Reflection on the Salesian Virtue of Perseverance
Amy Devere

Student Government Association, Cub-of-the-Month Recognition

Ms. Amy Devere, Athletic Trainer & Assistant Athletic Director

When I was told that I was the “cub of the month” my immediate response was, can’t you pick someone else. Clearly, there are others who are better examples of this than me. Everyone here can think of someone who’s having a tough time. Maybe it’s a friend, a family member, maybe it’s you. Many times it’s something we can’t control, but we can always control our reaction. To me, that is real perseverance. Everyone is going to get knocked down at one time or another. How we react in those down times is how we build a foundation to persevere.  

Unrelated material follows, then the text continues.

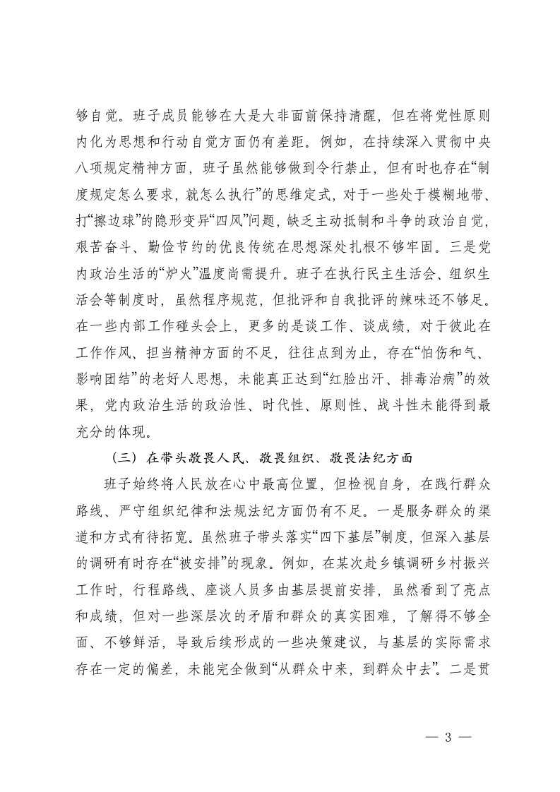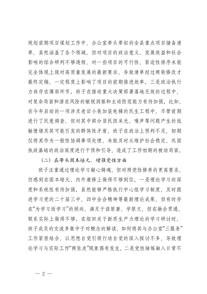 标题:政府办公室2025年度民主生活会班子对照检查材料五个带头

I learned perseverance firsthand from my parents. Growing up it seemed like they just couldn’t catch a break - one bad thing after the other, constantly, and yet they always moved forward. Whether it was a lost job or a lost parent, they never seemed to give in, blame others, or quit. Instead, it was always, “Oh well,” and they did what they needed to keep going and to keep our family going. We kept doing the little things, and soon it became easier to do the big things. And the big things became little things again and we kept moving forward.

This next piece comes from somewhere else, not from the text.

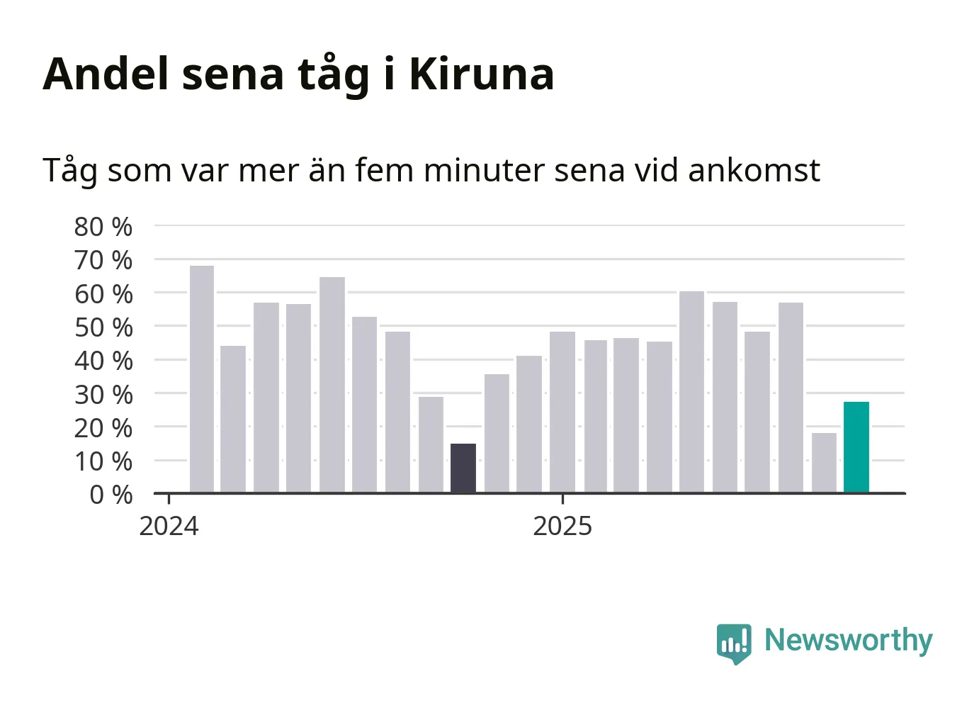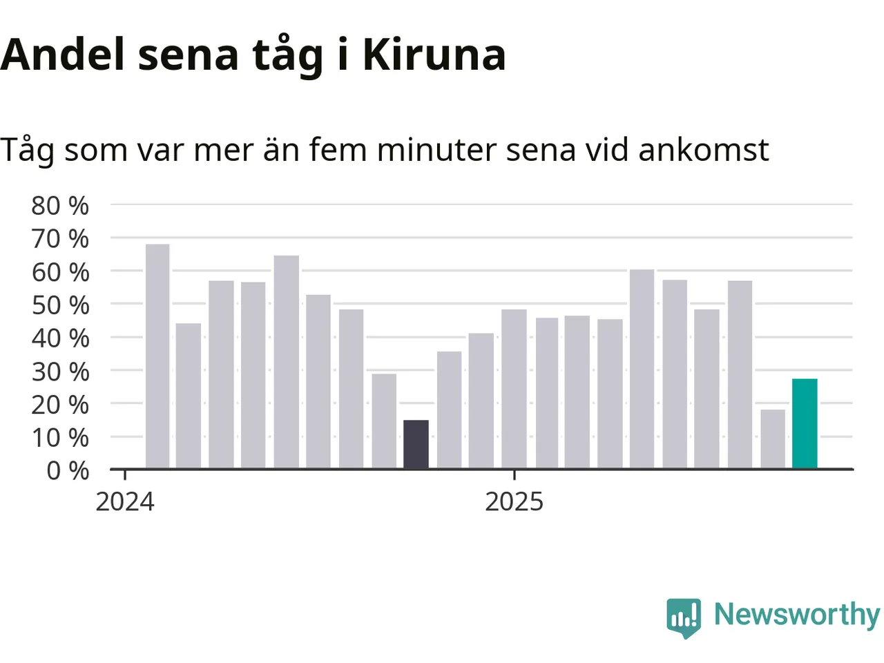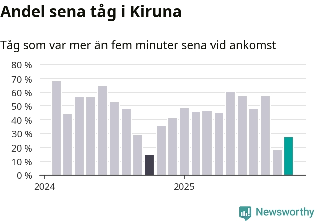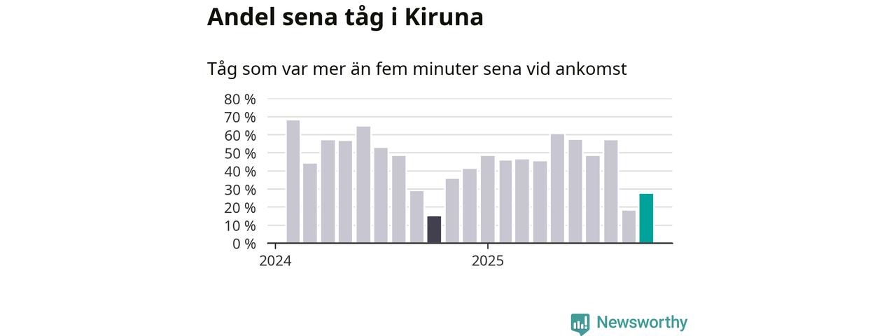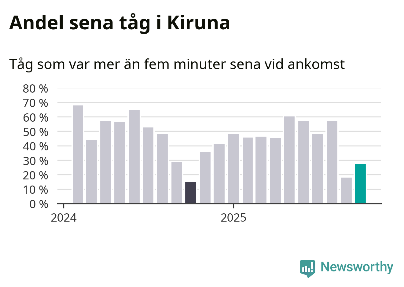27 procent kan jämföras med 18 procent månaden innan, och 15 procent i oktober 2024. Siffrorna bygger på realtidsinformation om tågavgångar och ankomster från Trafikverket, som Newsworthy löpande samlar in.

Hey, guess what? Life is hard. It’s hard for everyone. One of my biggest regrets is when I quit softball is college. I had broken 6 bones in 6 months and my friends were always giving me a hard time about not being able to hang out; I was way behind on my athletic training hours and so I started thinking why? What am I doing? And so I quit. 2 months later I was home for Christmas break and I was watching the movie “A League of their Own” and (for those of you not familiar, it’s a movie about the All American Girls Professional Baseball league that started in 1943 when the men’s teams were disbanded as they went off to war.) Without spoiling the movie, there’s a scene near the end when the best player quits and leaves the team to go start a family with her husband. Well, the coach (obviously upset to lose his best player) starts questioning her motives and the player says, “It just got too hard” and the coach says, “it’s supposed to be hard. If is wasn’t hard, everyone would do it. The hard...is what makes it great.” And in watching that moment, I realized that I had quit because it got too hard. I didn’t quit because I didn’t love the game anymore, I quit because it got hard. I left something that was part of me for years and just threw it away because it wasn’t easy. I had made a huge mistake and I was devastated by it. Lucky for me, I was able to convince the coach to let me rejoin the team for the spring and I was able to finish out my career.

And so, when life gets hard or things don’t go your way, think about your actions. How did you get here? Can you control it? Can your friends help? What is your heart telling you? What can you learn from this? And then start to do the little things to keep you moving forward. Because if you stop or quit, you may never get back on track again.

I leave you with this quote from Teresa of Avila:

"Out of suffering comes the serious mind; out of salvation, the grateful heart; out of endurance, fortitude; out of deliverance faith. Patient endurance attends to all things."